The pestat tool can print a large variety of node and job information, and
is generally useful for monitoring nodes and jobs on Slurm clusters. For
command options and examples please see the download page. My own
favorite usage is "pestat -F".

Thanks,
Ole

--
Ole Holm Nielsen
PhD, Senior HPC Officer
Department of Physics, Technical University of Denmark

Loris Bennett

unread,
Dec 13, 2021, 7:57:06 AM12/13/21
to Ole.H....@fysik.dtu.dk, Slurm User Community List
Hi Ole,

Ole Holm Nielsen <Ole.H....@fysik.dtu.dk> writes:

> Hi Slurm users,
>
> I have updated the "pestat" tool for printing Slurm nodes status with 1 line per
> node including job info. The download page is
> https://github.com/OleHolmNielsen/Slurm_tools/tree/master/pestat
> (also listed in https://slurm.schedmd.com/download.html).
>
> Improvements:
>
> * The GRES/GPU output option "pestat -G" now prints the job gres/gpu information
> as obtained from squeue's tres-alloc output option, which should contain the
> most correct GRES/GPU information.
>
> If you have a cluster with GPUs, could you try out the latest version and send
> me any feedback?
>
> Thanks to René Sitt for helpful suggestions and testing.
>
> The pestat tool can print a large variety of node and job information, and is
> generally useful for monitoring nodes and jobs on Slurm clusters. For command
> options and examples please see the download page. My own favorite usage is
> "pestat -F".

Thanks for the update - the GPU information is a good addition.
However, the alignment of the columns with the headers seems a bit off:


$ pestat -p gpu -G
Print only nodes in partition gpu
GRES (Generic Resource) is printed after each jobid
Hostname Partition Node Num_CPU CPUload Memsize Freemem GRES/node Joblist
State Use/Tot (15min) (MB) (MB) JobID(JobArrayID) User GRES/job ...
g001 gpu mix 1 32 0.06* 95200 89990 gpu:gtx1080ti:2(S:0-1) 8692106 joesnow gpu=2
g002 gpu mix 6 32 1.70* 95200 71692 gpu:gtx1080ti:2(S:0-1) 8692181(8536946_566) gailhail gpu=1 8692131(8536946_563) gailhail gpu=1
g003 gpu mix 1 32 0.06* 95200 87622 gpu:gtx1080ti:2(S:0-1) 8692111 joesnow gpu=2
g004 gpu mix 6 32 1.74* 95200 65647 gpu:gtx1080ti:2(S:0-1) 8692124(8536946_562) gailhail gpu=1 8692122(8536946_561) gailhail gpu=1


It looks as if the column 'Partition' needs to be four spaces wider.

Cheers,

Loris

--
Dr.
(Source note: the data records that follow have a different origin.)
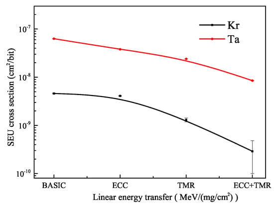 Three hardening techniques, namely 8 + 5 ECC codes, TMR and ECC codes plus TMR, were used to evaluate the effectiveness of soft error mitigation. As shown in Figure 9,the ECC codes plus TMR had the lowest upset rates. Even in Ta irradiation, the cross section was just 8.5 × (cm/bit), declined ∼86.3% when compared with the unhardened one. Merely ECC or TMR method in EBRAM played a minor role in upset error correction, although they were area and resources consuming. The results matched the high MBU rates in basic 6-T cells presented in Figure 8, leading the separated fault tolerance method (ECC or TMR) becoming invalid.
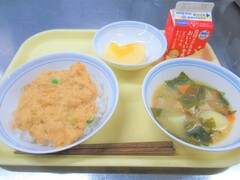 親子丼・ごまみそ汁・くだもの(りんご)
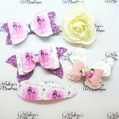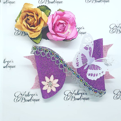 includes- extra large snap clip, two bows on alligator clips and a Butterfly on a alligator clip
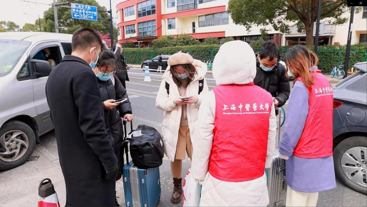 返校当日,上海气温降至冰点以下,一批身着红马甲的志愿者们为寒风中返校的学生们送上了上中医的第一份温暖。校团委通过招募,安排数量充足的志愿者参与服务,在门岗、查验点、核酸检测点,志愿者们为返校学生实时指引、协助办理、寄存和看护行李,做好各项贴心服务。

Loris Bennett (Herr/Mr)
ZEDAT, Freie Universität Berlin Email loris....@fu-berlin.de

Ole Holm Nielsen

unread,
Dec 13, 2021, 8:53:50 AM12/13/21
to Slurm User Community List
Hi Loris,

Thanks for the note. I need to figure out the correct variable width
printf() options. I'm working on an update...

Best regards,
Ole
Ole Holm Nielsen
PhD, Senior HPC Officer
Department of Physics, Technical University of Denmark,
Fysikvej Building 309, DK-2800 Kongens Lyngby, Denmark
E-mail: Ole.H....@fysik.dtu.dk
Homepage: http://dcwww.fysik.dtu.dk/~ohnielse/
Mobile: (+45) 5180 1620

Ole Holm Nielsen

unread,
Dec 13, 2021, 9:17:10 AM12/13/21
to Slurm User Community List
Hi Loris,

I fixed errors in the hostnamelength calculation and formatting.
Could you grab the latest pestat and test it?

Thanks,
Ole

On 12/13/21 13:56, Loris Bennett wrote:
Ole Holm Nielsen
PhD, Senior HPC Officer

Loris Bennett

unread,
Dec 13, 2021, 9:31:44 AM12/13/21
to Ole Holm Nielsen, Slurm User Community List
Hi Ole,

The new version looks good to me.

Cheers,

Loris

Ole Holm Nielsen

unread,
Dec 14, 2021, 2:35:36 AM12/14/21
to Slurm User Community List
The latest pestat version now adds a red color highlight if the GRES GPU
is the (null) value.

We use this to highlight jobs on GPU nodes which didn't request any GPU
resources, thereby possibly wasting resources.

Could you test if this is useful and give me a feedback?

Thanks,
Ole

Loris Bennett

unread,
Dec 14, 2021, 8:17:48 AM12/14/21
to Ole Holm Nielsen, Slurm User Community List
Hi Ole,

Ole Holm Nielsen <Ole.H....@fysik.dtu.dk> writes:

> The latest pestat version now adds a red color highlight if the GRES GPU is the
> (null) value.
>
> We use this to highlight jobs on GPU nodes which didn't request any GPU
> resources, thereby possibly wasting resources.
>
> Could you test if this is useful and give me a feedback?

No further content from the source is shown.